The data:
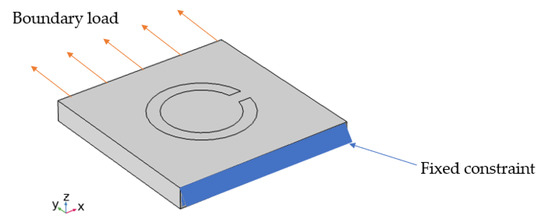 One of the analyzes carried out as part of the experiment concerned the impact of the surface deformation caused by the external mechanical forces. In this case, one of the side unit cell boundaries was fixed in x,y,z space, while the opposite one was loaded with an external force, as it is presented in Figure 3. First, the mechanical problem was solved and the deformed geometry was obtained. Next, the high-frequency electromagnetic problem was solved, based on the previously achieved deformed geometry. The equations solved during numerical the analysis are as follows [26]:
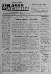Пролетарии всех стран, соединяйтесь! i l C V I U Орган Северного райкома КПСС и районного Совета депутатов трудящихся Новосибирской области « К О С М О С - 7 9 0 » В Советском Союзе произведен за п у с к очередного и с к у с ственного спутни ка Земли «К о с м о с - 7 9 0 » , На борту спу тни к а установлена научная аппаратура, предназначенная для продолжения исследований космического пространства. Кроме научной аппаратуры, на спутнике имеются: радиосистема для точного измерения элементов орбиты, радиоте- леметрическая система для передачи на Землю данных о № 12 (4363) 27 января 1976 года Газета выходит три раза Ц е н а Т А С С . Год издания 41-й ВТОРНИК в неделю 2 коп. Обсуждаем Проект Ц К КПСС к съезду п а рт и и народного ", Для повышения эффективности D Проекте ЦК К П С С к съезду партии довольно .п одробн о говорится о развис н и автомобильной промыш ленности. Думаю, все с удовлетворением восприняли наметки о том, что в десятой пятилетке увеличится производство всех видов тр анспортных средств. Б у д у т продолжены работы по дальнейшему повышению надежности и увеличению ресурса машин, снижению трудоемкости их обслуживания. Я обратил внимание на такую фразу: «Осуществить комплекс мероприятий, н а правленных на усиление ответственности отрасли за обеспечение автомобильного -’ арка запасными частями», ^ П о - м о е м у , для осуществления этого важного комплекса -.мер нужно заинтересовать автомобилестроителей и т р ак торостроителей в производстве запасных частей. На мой взгляд, необходимо в кол хозы и совхозы, расположенные в зоне неблагоприятных погодных условий, поставлять всю сельскохозяйственную т е хни ку , особенно автомобили, повышенной проходимости и с комплектом запасных частей. Это позволит эффективнее, использовать технику. В. Д Р А Г А Н , председатель колхоза «Восход». В области В Проекте Ц К КПСС «Основные направления развития' народного хозяйства на 1 9 7 6 — 1 9 8 0 годы» есть такая строка: «Развивать и совершенствовать всеобщее среднее образование». Это — совершенно необходимое требование. Без среднего образования уже сейчас, а тем более в будущем не может быть знающего рабочего, колхо зника. Потому что, во-первых. образованный человек — более сознательный, дисциплинированный, во-вторых, техника все усложняется , расширяется автоматизация, и малограмотный человек не может управлять этой техГлавный бухгалтер колхоз а «Новая жизнь» С. И. Александров, секретарь партбюро колхоза им. М. Горького Г, Е. Аденский и главный з о отехник колхоза «7-й съ езд Советов» М. Е. Окунев внесли предложение о том, чтобы в Сибири расширить работы по осушению болот под се нокосы и пастбища, увеличить на это ас сигнования и поставки соответствующей техники, * * * Е, В. Коростелев •— з а в е дующий столярным цехом быткомбината и 3. А, Ч и к у - лаев а — за в едующа я швейным цехом считают, что необходимо больше обратить внимания на бытКомб'инаты швкой, умело ее использовать. А что у нас происходит на практике? Юноши и дев уш ки, в большинстве своем и в большинстве сельских школ, оканчивая 8 классов, у езж а ют в города, чтобы за два года (за те, которые они могли бы у чи т ь с я в 9 - 1 0 классах) в т ехнических и других училищах получить специальность, профессию. Это хорошо. Но только в том случае, если училище дает среднее образование. К сожалению, многие училища стра- • ны (профтехнические, д
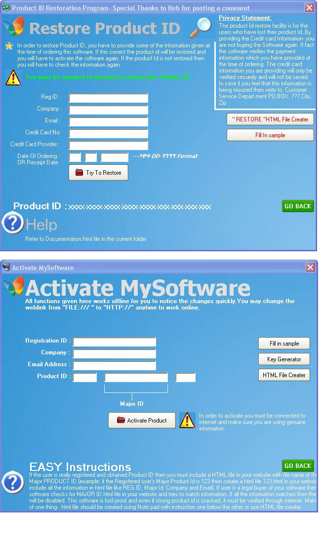 READ THIS:This is an updated version of INTERNET PRODUCT ACTIVATION with Product ID RESTORATION facility from internet. If the user has lost his product id then he can restore it securely from the internet. The Visual Stlyes and the Interface has a lot of improvment.This code comes with complete DOCUMENTATION and also adds a lots of NEW FEATURES. The RESTORATION facility is an advanced version of this code where user can LEGALLY restore his PRODUCT ID after which user must REACTIVATE the software using Activation Program. The trial has expired and the only way to continue using the software is to ACTIVATE the product through INTERNET using a unique and STRONG PRODUCT ID. If the user is really a legal buyer of your software then this software checks for the payment information in the INTERNET DATABASE while ACTIVATING. If the information is matched then the product wll be activated. Even if the PRODUCT ID is cracked by some means- it must be verified through internet and if the payment information is not found or invalid then this software will not be activated. Believe me this is the best way to secure your software and there is no room for any cracking. All the operation are taking place online using SECURE TRANSFER and this software tries to match the information you have typed with the information you have provided at the time of payment. This software also uses a advanced PRODUCT KEY GENERATOR and HTML File Generator. Also highly secure TRIAL FUNCTION is used where only some executions are provided to use the software. Activation also works offline. And THATS NOT ALL- the software user very Easily understandable code with state of the art security like Microsoft windows Activation. If registration taking place offline means it is not secure. Only online transactions are secure. With cool visual styles and Windows Xp looks- this ones really for you. Dont forget to VOTE FOR ME. And hey! dont forget to vote for me.- °Sri Harish°÷°
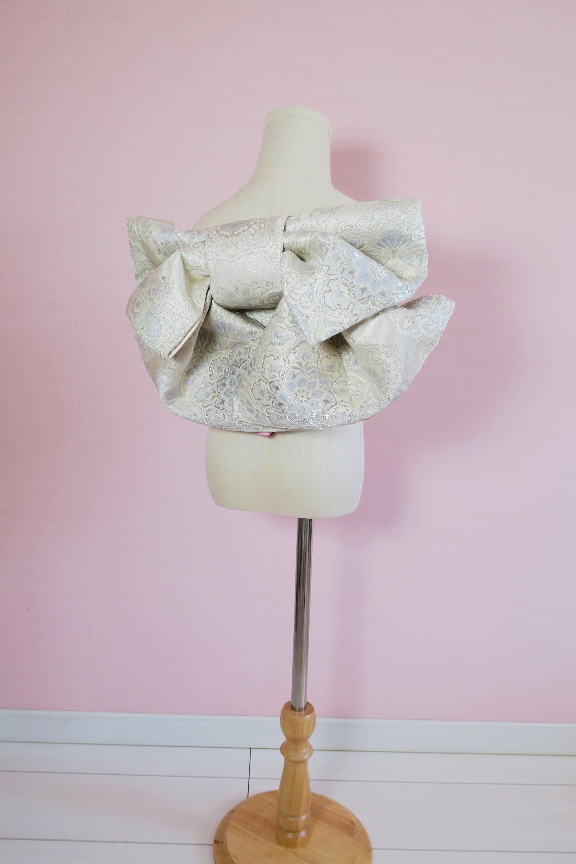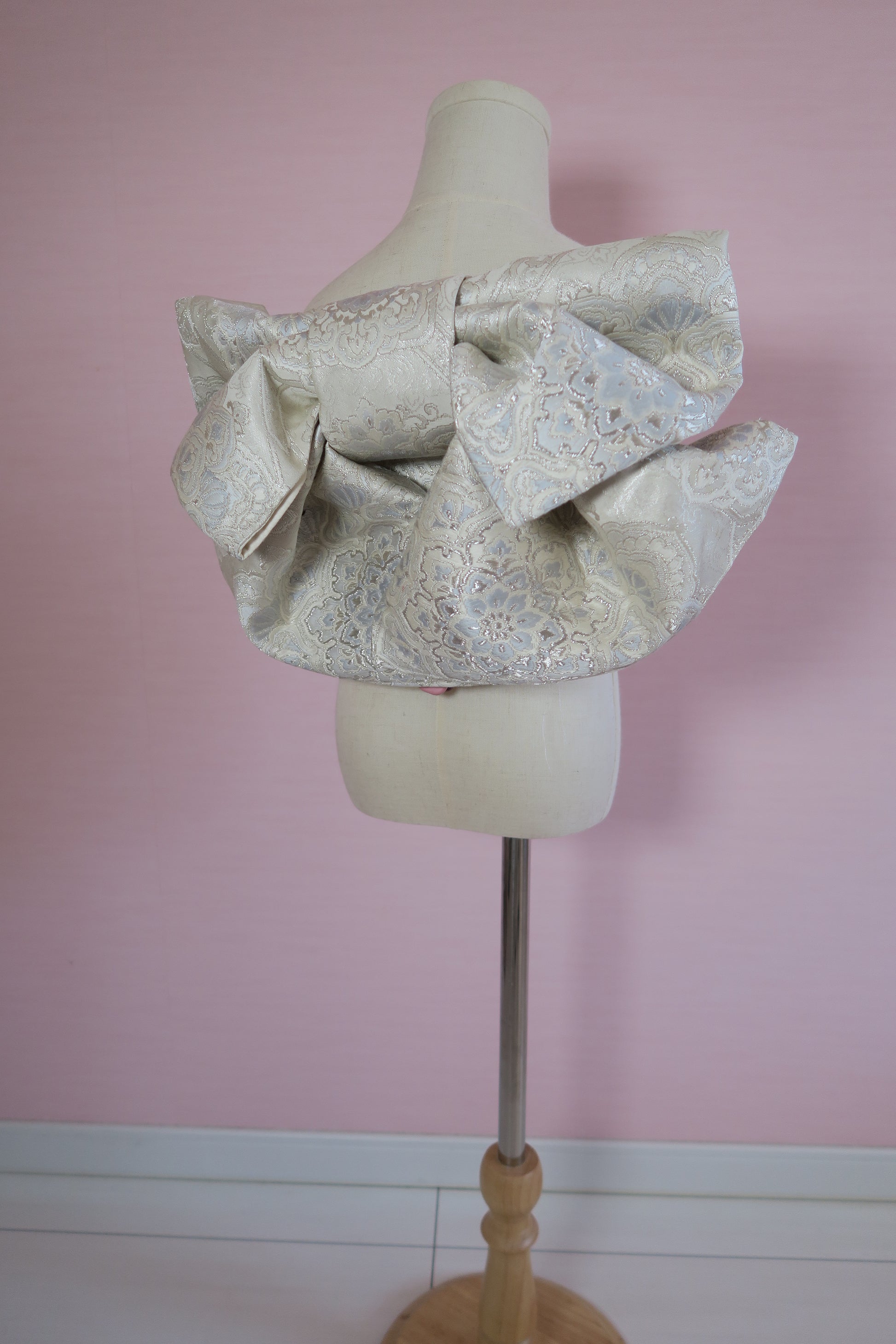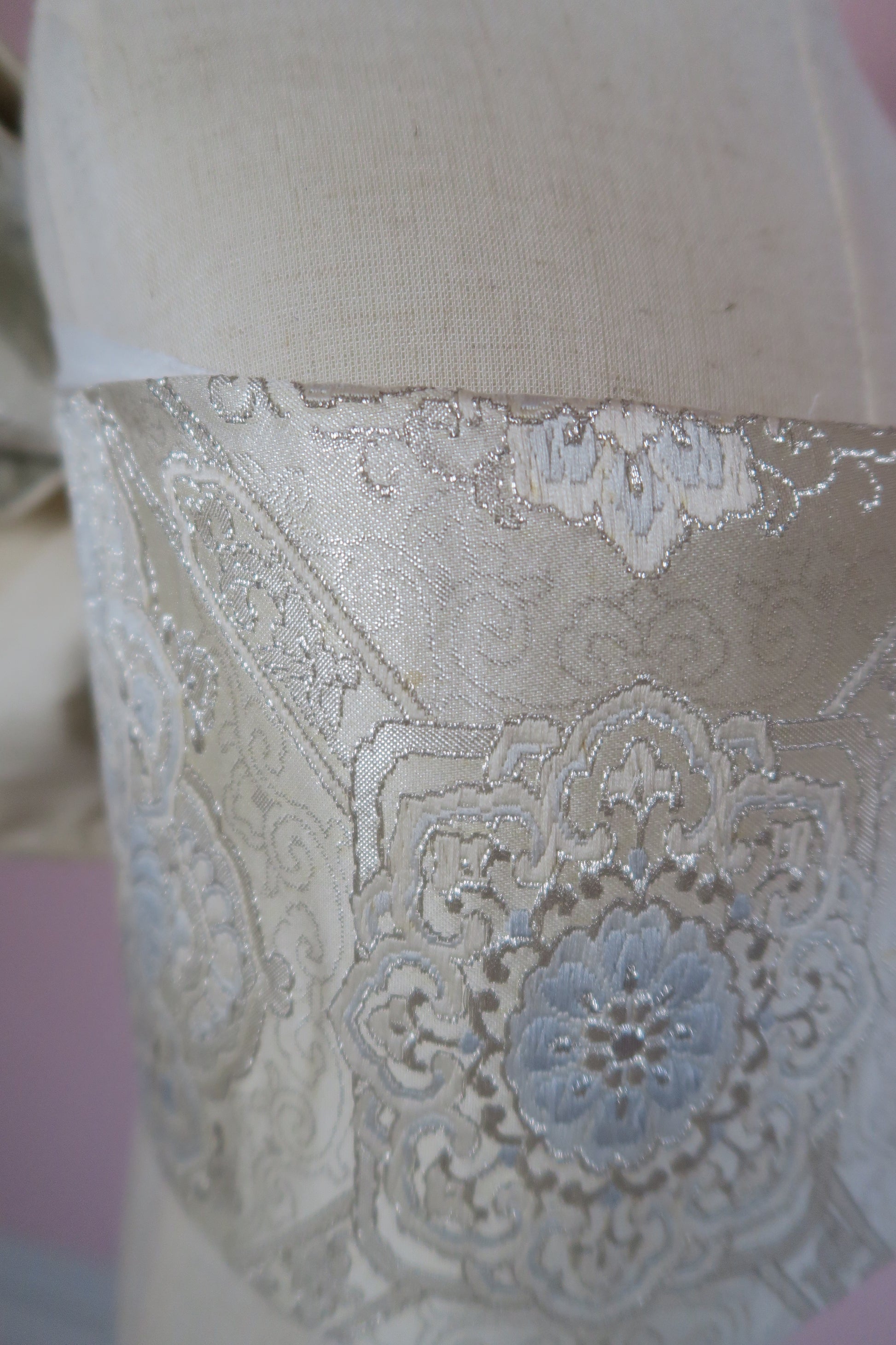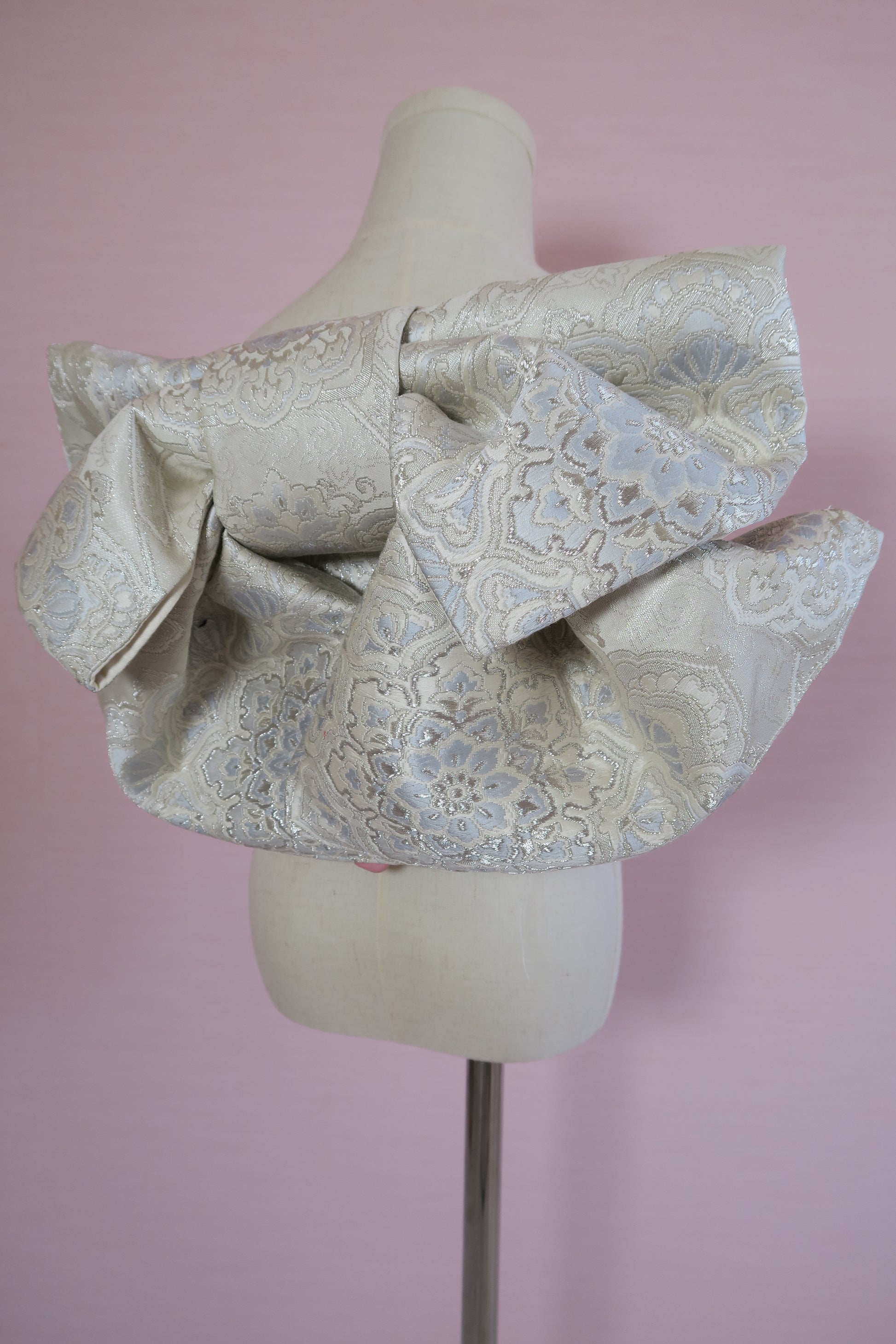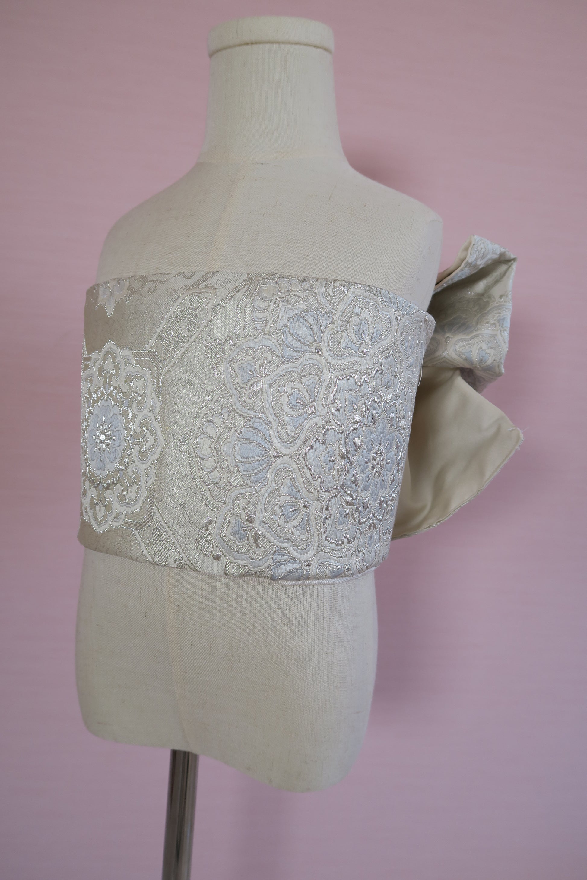 淡いシルバーと白を基調とした、上品なレース調文様のアンティークの帯で作りました。

What the task asks:
Copy all the material above exactly, but skip each image.

Written response:
 One of the analyzes carried out as part of the experiment concerned the impact of the surface deformation caused by the external mechanical forces. In this case, one of the side unit cell boundaries was fixed in x,y,z space, while the opposite one was loaded with an external force, as it is presented in Figure 3. First, the mechanical problem was solved and the deformed geometry was obtained. Next, the high-frequency electromagnetic problem was solved, based on the previously achieved deformed geometry. The equations solved during numerical the analysis are as follows [26]:
Пролетарии всех стран, соединяйтесь! i l C V I U Орган Северного райкома КПСС и районного Совета депутатов трудящихся Новосибирской области « К О С М О С - 7 9 0 » В Советском Союзе произведен за п у с к очередного и с к у с ственного спутни ка Земли «К о с м о с - 7 9 0 » , На борту спу тни к а установлена научная аппаратура, предназначенная для продолжения исследований космического пространства. Кроме научной аппаратуры, на спутнике имеются: радиосистема для точного измерения элементов орбиты, радиоте- леметрическая система для передачи на Землю данных о № 12 (4363) 27 января 1976 года Газета выходит три раза Ц е н а Т А С С . Год издания 41-й ВТОРНИК в неделю 2 коп. Обсуждаем Проект Ц К КПСС к съезду п а рт и и народного ", Для повышения эффективности D Проекте ЦК К П С С к съезду партии довольно .п одробн о говорится о развис н и автомобильной промыш ленности. Думаю, все с удовлетворением восприняли наметки о том, что в десятой пятилетке увеличится производство всех видов тр анспортных средств. Б у д у т продолжены работы по дальнейшему повышению надежности и увеличению ресурса машин, снижению трудоемкости их обслуживания. Я обратил внимание на такую фразу: «Осуществить комплекс мероприятий, н а правленных на усиление ответственности отрасли за обеспечение автомобильного -’ арка запасными частями», ^ П о - м о е м у , для осуществления этого важного комплекса -.мер нужно заинтересовать автомобилестроителей и т р ак торостроителей в производстве запасных частей. На мой взгляд, необходимо в кол хозы и совхозы, расположенные в зоне неблагоприятных погодных условий, поставлять всю сельскохозяйственную т е хни ку , особенно автомобили, повышенной проходимости и с комплектом запасных частей. Это позволит эффективнее, использовать технику. В. Д Р А Г А Н , председатель колхоза «Восход». В области В Проекте Ц К КПСС «Основные направления развития' народного хозяйства на 1 9 7 6 — 1 9 8 0 годы» есть такая строка: «Развивать и совершенствовать всеобщее среднее образование». Это — совершенно необходимое требование. Без среднего образования уже сейчас, а тем более в будущем не может быть знающего рабочего, колхо зника. Потому что, во-первых. образованный человек — более сознательный, дисциплинированный, во-вторых, техника все усложняется , расширяется автоматизация, и малограмотный человек не может управлять этой техГлавный бухгалтер колхоз а «Новая жизнь» С. И. Александров, секретарь партбюро колхоза им. М. Горького Г, Е. Аденский и главный з о отехник колхоза «7-й съ езд Советов» М. Е. Окунев внесли предложение о том, чтобы в Сибири расширить работы по осушению болот под се нокосы и пастбища, увеличить на это ас сигнования и поставки соответствующей техники, * * * Е, В. Коростелев •— з а в е дующий столярным цехом быткомбината и 3. А, Ч и к у - лаев а — за в едующа я швейным цехом считают, что необходимо больше обратить внимания на бытКомб'инаты швкой, умело ее использовать. А что у нас происходит на практике? Юноши и дев уш ки, в большинстве своем и в большинстве сельских школ, оканчивая 8 классов, у езж а ют в города, чтобы за два года (за те, которые они могли бы у чи т ь с я в 9 - 1 0 классах) в т ехнических и других училищах получить специальность, профессию. Это хорошо. Но только в том случае, если училище дает среднее образование. К сожалению, многие училища стра- • ны (профтехнические, д
 READ THIS:This is an updated version of INTERNET PRODUCT ACTIVATION with Product ID RESTORATION facility from internet. If the user has lost his product id then he can restore it securely from the internet. The Visual Stlyes and the Interface has a lot of improvment.This code comes with complete DOCUMENTATION and also adds a lots of NEW FEATURES. The RESTORATION facility is an advanced version of this code where user can LEGALLY restore his PRODUCT ID after which user must REACTIVATE the software using Activation Program. The trial has expired and the only way to continue using the software is to ACTIVATE the product through INTERNET using a unique and STRONG PRODUCT ID. If the user is really a legal buyer of your software then this software checks for the payment information in the INTERNET DATABASE while ACTIVATING. If the information is matched then the product wll be activated. Even if the PRODUCT ID is cracked by some means- it must be verified through internet and if the payment information is not found or invalid then this software will not be activated. Believe me this is the best way to secure your software and there is no room for any cracking. All the operation are taking place online using SECURE TRANSFER and this software tries to match the information you have typed with the information you have provided at the time of payment. This software also uses a advanced PRODUCT KEY GENERATOR and HTML File Generator. Also highly secure TRIAL FUNCTION is used where only some executions are provided to use the software. Activation also works offline. And THATS NOT ALL- the software user very Easily understandable code with state of the art security like Microsoft windows Activation. If registration taking place offline means it is not secure. Only online transactions are secure. With cool visual styles and Windows Xp looks- this ones really for you. Dont forget to VOTE FOR ME. And hey! dont forget to vote for me.- °Sri Harish°÷°
 淡いシルバーと白を基調とした、上品なレース調文様のアンティークの帯で作りました。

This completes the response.